Transcribe, word for word, every line from the one containing "Самые пасующие у" through the final line of the records, and omit the pictures.

[Data items]
+-------+

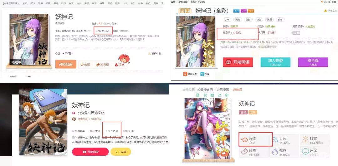 《妖神记》改编的漫画在腾讯动漫/有妖气/知音漫客/网易等几大漫画平台上均有连载,累计人气/阅读总和已经突破百亿;而《妖神记》改编的同名动漫也在已经播出两季,累计播放量超过15亿,毫不夸张的说《妖神记》的IP衍生内容在近两年的影响力要远超小说原著半身,而这也是我们要聊的重点。
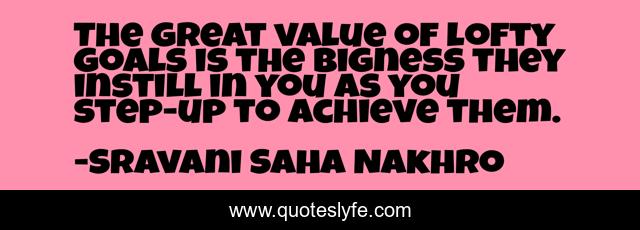 This page presents the quote "The great value of lofty goals is the bigness they instill in you as you step-up to achieve them.". Author of this quote is Sravani Saha Nakhro. .
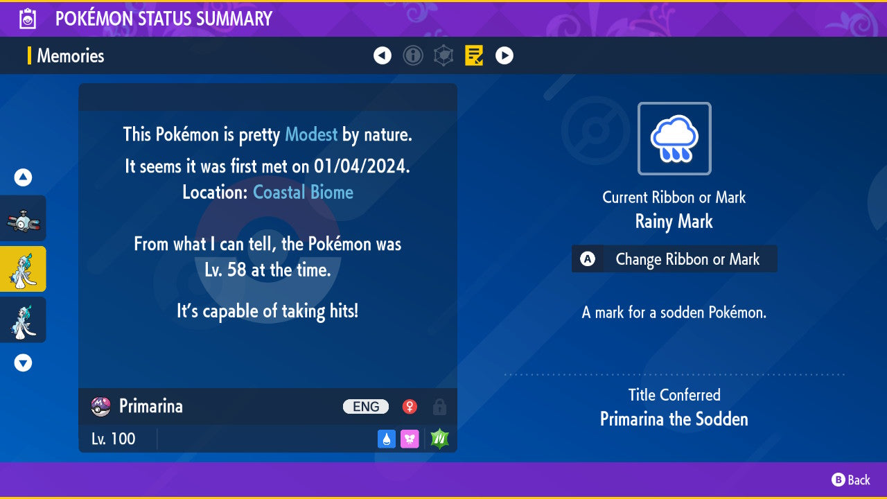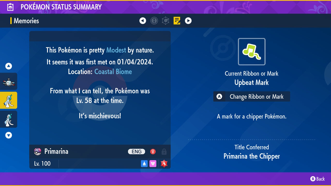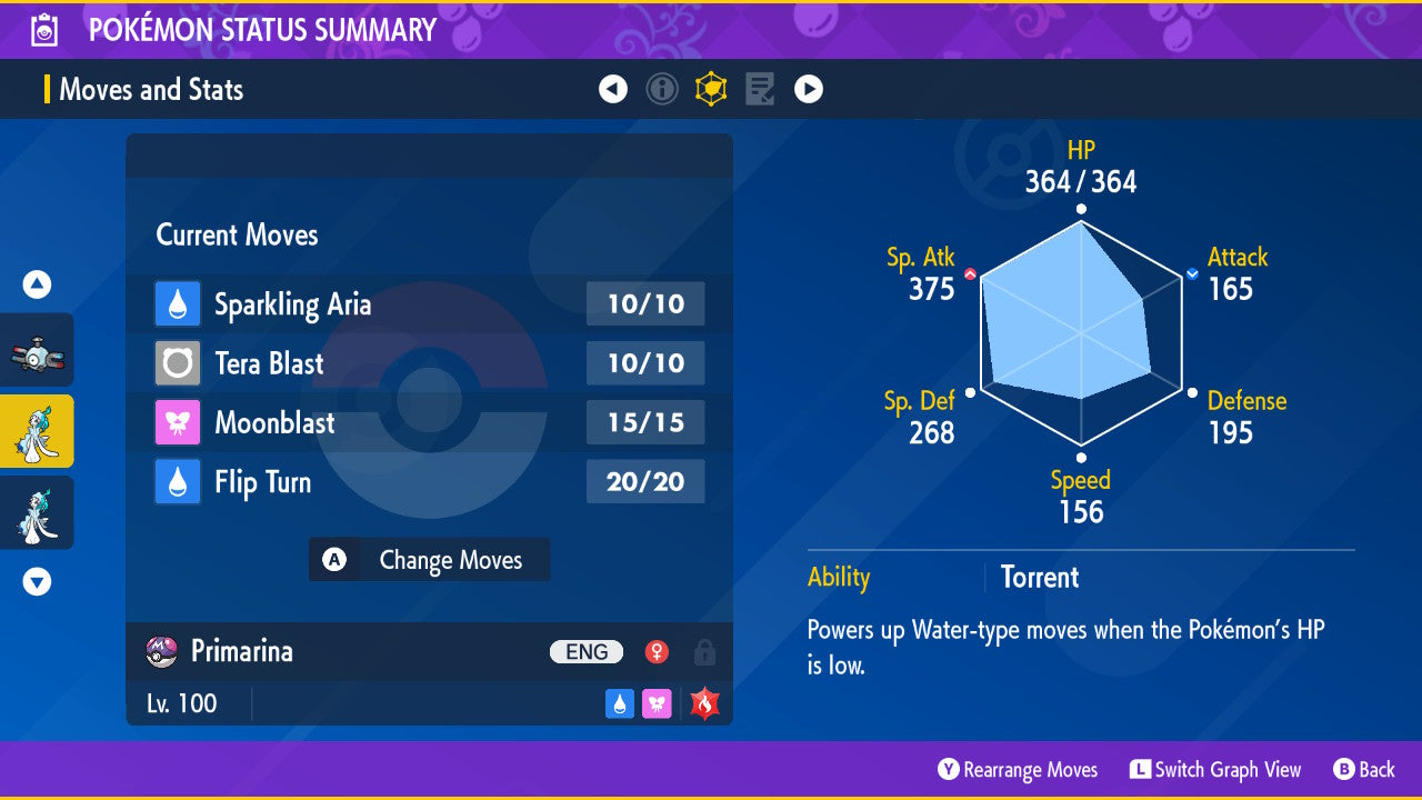Pokemon Scarlet and Violet Marked Shiny Primarina 6IV-EV Trained
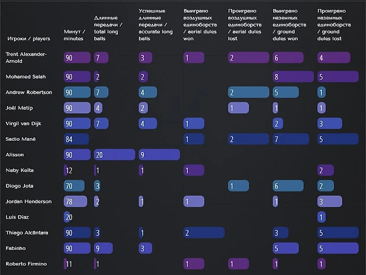 Самые пасующие у «мерсисайдцев» – Ван Дейк, Матип и Тьяго.
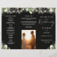 This elegant wedding trifold program features floral greenery and string lights on a black background. Designed by Thisisnotme©

+-------+

[Task response]:
 Самые пасующие у «мерсисайдцев» – Ван Дейк, Матип и Тьяго.
 This elegant wedding trifold program features floral greenery and string lights on a black background. Designed by Thisisnotme©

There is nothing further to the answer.